DuckDB is written in C++ and has first-party support for languages like Python, R, Java, and C. Other Languages like JavaScript, Ruby, and Go are supported through maintained bindings or extensions. Here are some examples of using DuckDB.

Python Example

import duckdb

# Connect to an in-memory database
con = duckdb.connect()

# Create and query a table
con.execute("CREATE TABLE items(id INTEGER, name VARCHAR)")
con.execute("INSERT INTO items VALUES (1, 'DuckDB'), (2, 'SQLite')")
result = con.execute("SELECT * FROM items").fetchall()
print(result)

# Query a CSV file directly
result = con.execute("SELECT * FROM read_csv('data.csv') LIMIT 5").fetchdf()
print(result)

R Example

library(duckdb)
con <- dbConnect(duckdb())
dbExecute(con, "CREATE TABLE test (id INTEGER, name VARCHAR)")
dbExecute(con, "INSERT INTO test VALUES (1, 'DuckDB'), (2, 'R')")
dbGetQuery(con, "SELECT * FROM test")

Java Example

import org.duckdb.*;

public class DuckDBExample {
    public static void main(String[] args) throws Exception {
        // Create a connection
        Connection conn = DriverManager.getConnection("jdbc:duckdb:");
        Statement stmt = conn.createStatement();

        // Execute queries
        stmt.execute("CREATE TABLE example(id INTEGER, name VARCHAR)");
        stmt.execute("INSERT INTO example VALUES (1, 'DuckDB'), (2, 'Java')");
        ResultSet rs = stmt.executeQuery("SELECT * FROM example");

        // Print results
        while (rs.next()) {
            System.out.println(rs.getInt("id") + ": " + rs.getString("name"));
        }
    }
}

Rust Example

use duckdb::{Connection, Result};

fn main() -> Result<()> {
    let conn = Connection::open_in_memory()?;

    conn.execute(
        "CREATE TABLE test (id INTEGER, name TEXT)",
        []
    )?;

    conn.execute(
        "INSERT INTO test VALUES (1, 'DuckDB'), (2, 'Rust')",
        []
    )?;

    let mut stmt = conn.prepare("SELECT * FROM test")?;
    let rows = stmt.query_map([], |row| {
        Ok((row.get::<_, i32>(0)?, row.get::<_, String>(1)?))
    })?;

    for row in rows {
        let (id, name) = row?;
        println!("{}: {}", id, name);
    }

    Ok(())
}

Extensions in DuckDB

DuckDB also has a robust extension system that adds some cool functionality. Some of the built-in extensions are:

parquet: Read/write Parquet files (loaded by default)
json: JSON processing functions
sqlite: Connect to SQLite databases
postgres_scanner: Connect to PostgreSQL databases
mysql_scanner: Connect to MySQL databases
httpfs: Access remote files over HTTP
excel: Load Excel files

Other extensions are also used often and are super useful.
arrow: Apache Arrow integration
spatial: Geospatial data types and functions
iceberg: Read Apache Iceberg tables
aws: Amazon S3 integration

These extensions must be installed and loaded before use. To Install and Load an extension just add this before your query.

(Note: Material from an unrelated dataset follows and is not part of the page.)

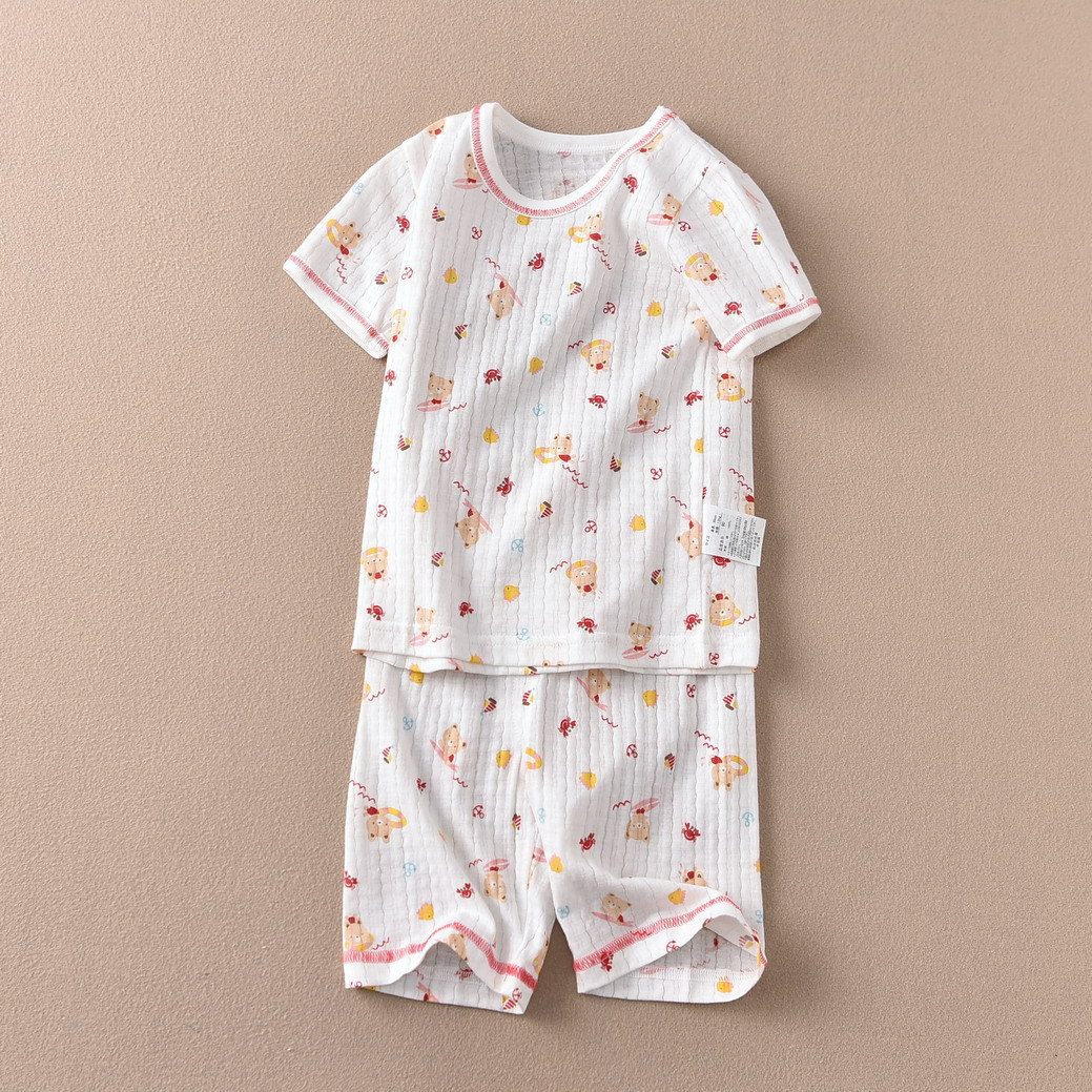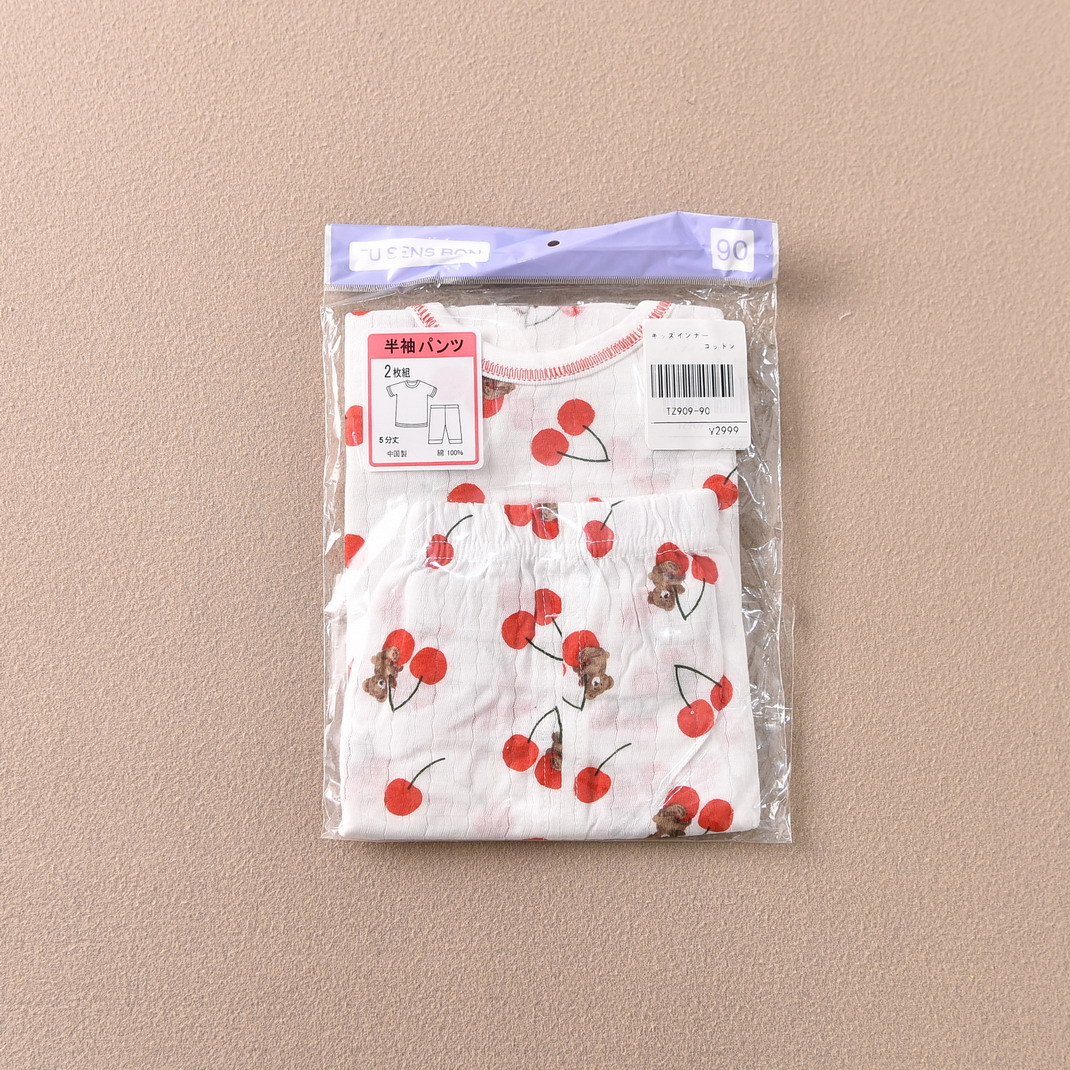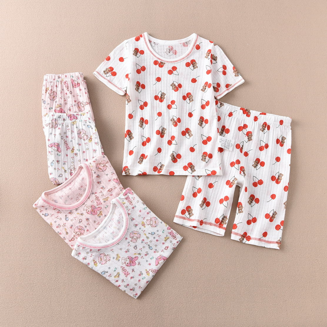 어린이 소녀 반팔 크롭 팬츠 세트 여름 홈 공장 직접 일본 꼬인 대나무 얇은 순면 클래스 A스토어 가기

INSTALL extension_name; LOAD extension_name;

Apache Arrow Integration

Apache Arrow is a columnar memory format for cross-language data exchange. DuckDB integrates well with Arrow:

import pyarrow as pa
import duckdb

# Create Arrow table
data = {
    'id': [1, 2, 3],
    'name': ['one', 'two', 'three']
}
arrow_table = pa.Table.from_pydict(data)

# Query Arrow table with DuckDB
con = duckdb.connect()
result = con.execute("SELECT * FROM arrow_table WHERE id > 1").fetchall()
print(result)

# Convert DuckDB result to Arrow
arrow_result = con.execute("SELECT * FROM arrow_table").arrow()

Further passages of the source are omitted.